#Engine container communication

1 messages ยท Page 1 of 1 (latest)

hoary yew
#

Or a variation: no network service, the CLI executes a special client and the exec's stdio is the transport. The same compute driver that owns getting access to a containerd, also owns the communication to containerd, so auth, tunneling etc becomes an implementation detail of the driver. CLI just worries about the containerd API

high gazelle
#

This would mean that there can be no deduped jobs against a dagger instance.
So if CI job 1 does a withexec, and CI job 2 does the same one (maybe they use common code), they both have to do it from scratch (assuming that one of the jobs haven't finished and uploaded cache)

#

It does hugely simplify engine lifetimes though, so that would be nice - but it would throw out a potentially nice performance optimization that users may notice it's removal.

high gazelle
# hoary yew Or a variation: no network service, the CLI executes a special client and the ex...
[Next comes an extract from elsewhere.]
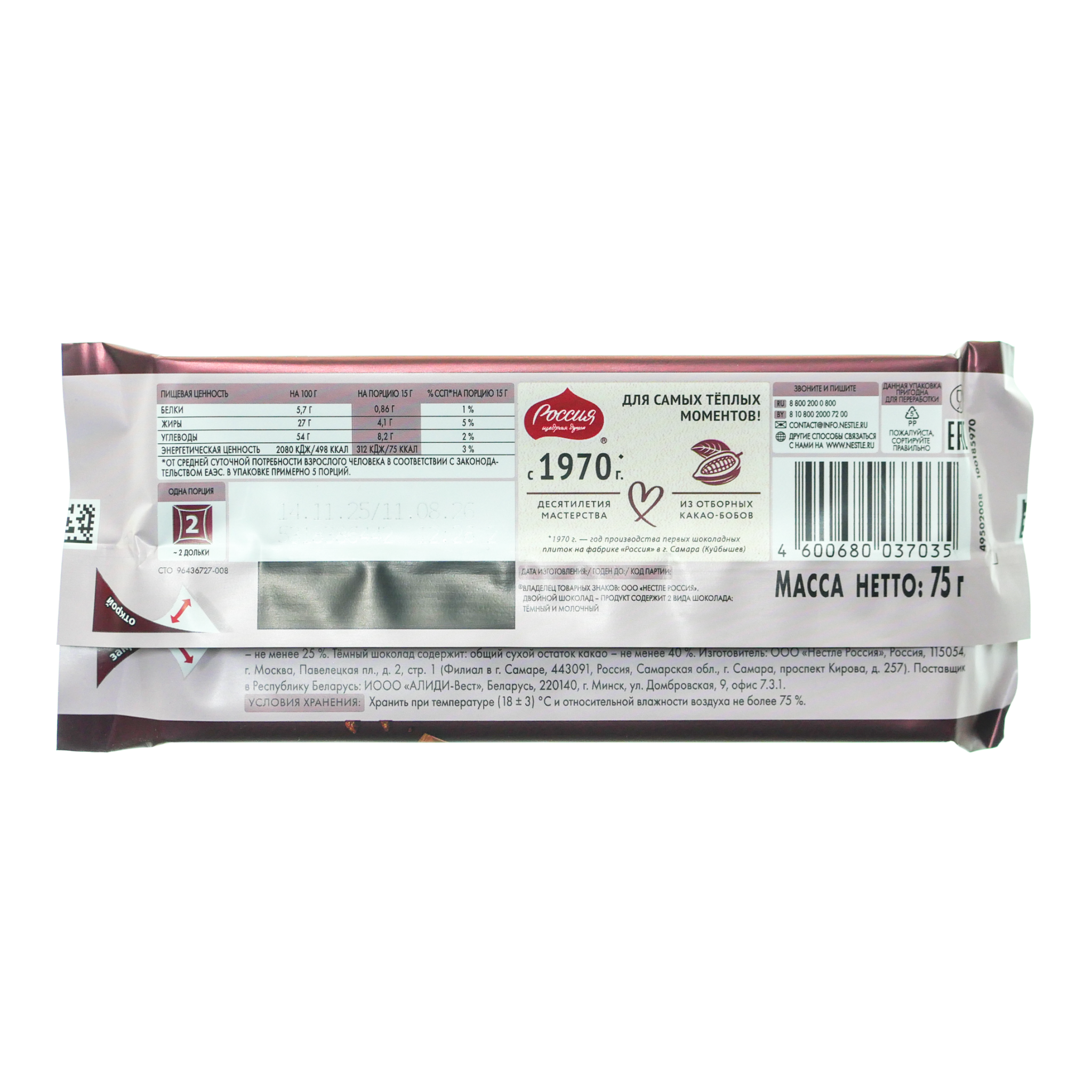 Шоколад Россия 75г темный/молочный с начинкой Нестле

This is pretty close to https://github.com/dagger/dagger/pull/6288
We could almost do this today with that PR (non containerd part, it would speak the dagger API directly)

GitHub

This patch starts to simplify the connhelpers and docker-image helper into specific engine drivers (see #5583) - adding new drivers now becomes easier.
Each driver registers itself under a name, an...

hoary yew
high gazelle
#

the future we configured the image such that the daemon is only reachable by the CLI that provisioned it
it can't connect to an existing one created by another cli (as is the case in the 2 ci jobs above) if this is the case

hoary yew
#

๐Ÿ‘‹ @wraith barn ๐Ÿ™‚

#

I don't have a good answer @high gazelle , but @wraith barn was just telling me that sharing a dagger engine with multiple CI runners is hurting performance. So we have a conendrum

high gazelle
#

That's probably true sometimes, but a couple points:

  1. I'm not sure our own ci is actually a great example here, we've been seeing a lot of slow jobs due to unrelated reasons that we need to clean up. We also actually don't understand why our CI is slower than we want.
  2. We should try and collect data on these cases (not just from us) - the analytics we're getting are going to be useful here.

I actually really like the implications of the architecture you suggested, but I don't think we should jump into it without some data to back it up (imo perf concerns should trump architectural ones - but if there really is no perf differences, we should go for it!).

#

One really good point of having an engine per client, is that if the engine crashes it only brings down one client and makes debugging easier. I really like that actually.

wraith barn
#

One of our first steps was to start capturing metrics for all pipelines, including what happens even before we invoke Dagger.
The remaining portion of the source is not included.